In order to obtain most accurate results, we tried to replicate data used in the mentioned solution. However we were not able to fully reproduce data they used and therefore results might have been slightly different as if data were identical.

They made predictions for every 5-min interval for next hour. We compared our solutions to theirs only on the last interval (55–60 min ahead). For experiments we used feature sets combinations for both methods where highest accuracy was acquired when predicting for one hour ahead. For both methods the best combination was current weather, weather changes, previous and similar production. In both experiments we used 10 fireflies and 20 generations.

Table 5. The attributes current weather, weather change, previous and similar production were used. Initial number of weather classes was 25 and after merging 8.
Table 6. Comparison of our solution with solution from [11]. Values of MAE and MRE for NN ensemble and SVR are taken from compared article. Single model represents first method and Multiclass with bias correction represents second method.

In Table 6 we can see that first method has performance similar to ensemble of neural networks, but outperformed their SVR. Difference is that in our method SVR is optimized using FA and SVR from [11] does not seem to be optimized. Also we did not use same features.
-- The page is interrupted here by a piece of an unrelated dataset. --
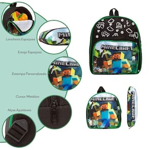 Kit Mochila Escolar Infantil Minecraft, acompanha lancheira e estojo. Possui alça de mão reforçada. Agora você pode levar sua mochila no seu dia a dia ou acompanhar você na escola. Sua abertura maior se dá por zíper com puxador. Na parte de dentro possui amplo espaço para a guardar diversos materiais como cadernos, livros e estojos. Na parte da frente, possui bolso com zíper para a guardar pertences de menor tamanho.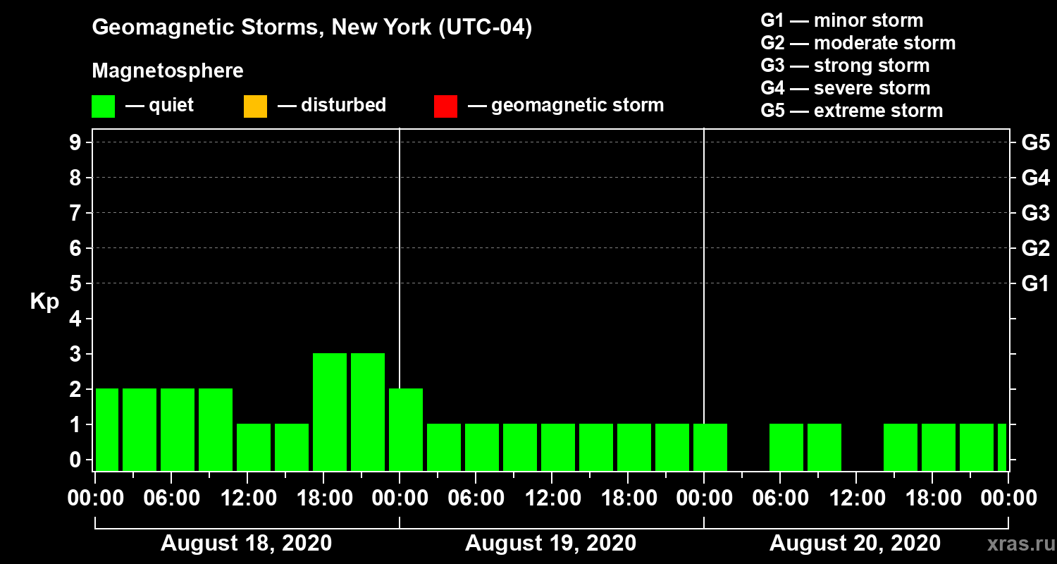 Changes in the geomagnetic index Kp from August 18 to 20, 2020 for mid latitudes

That might have caused better performance.

We can see that second method performed worse than first method. This probably happened because we had to change the application of second method due to high computational complexity of SVR. Instead of optimizing for various numbers of weather classes, models were only trained with optimal parameters obtained from the first method on the same data. Then we optimized models for best number of weather classes. As a result the optimal number of weather classes might not have been used. Another reason might be that models were not optimized enough to perform better.

7 Conclusion

In this paper, we proposed approach to prediction of PV power based on classifying samples into different weather classes and using FA to optimize model for each weather class.

We compared this approach to single SVR model optimized on entire training data set. Experiments show that our approach tends to decrease MAE compared to single model. We also compared our methods with [11]. We achieved similar accuracy with both of our methods, however the second method performed worse than expected. This is probably caused by the fact that we did not utilize FA optimization fully when comparing with [11]. From this and comparison of optimized and unoptimized single SVR model we conclude that optimization has visible impact on accuracy of predictions and we recommend using it.

Our approach has proven to have potential, however it still needs improvements. It might be improved by changing merging of weather classes from one large class into several smaller classes to avoid the problem of merging of two too different classes. Also optimization of classifier could result in more accurate assignment to classes and therefore better performance.

In the future we might also try different optimization algorithms to compare them with FA, however we do not expect any significant improvements from using different optimization algorithm.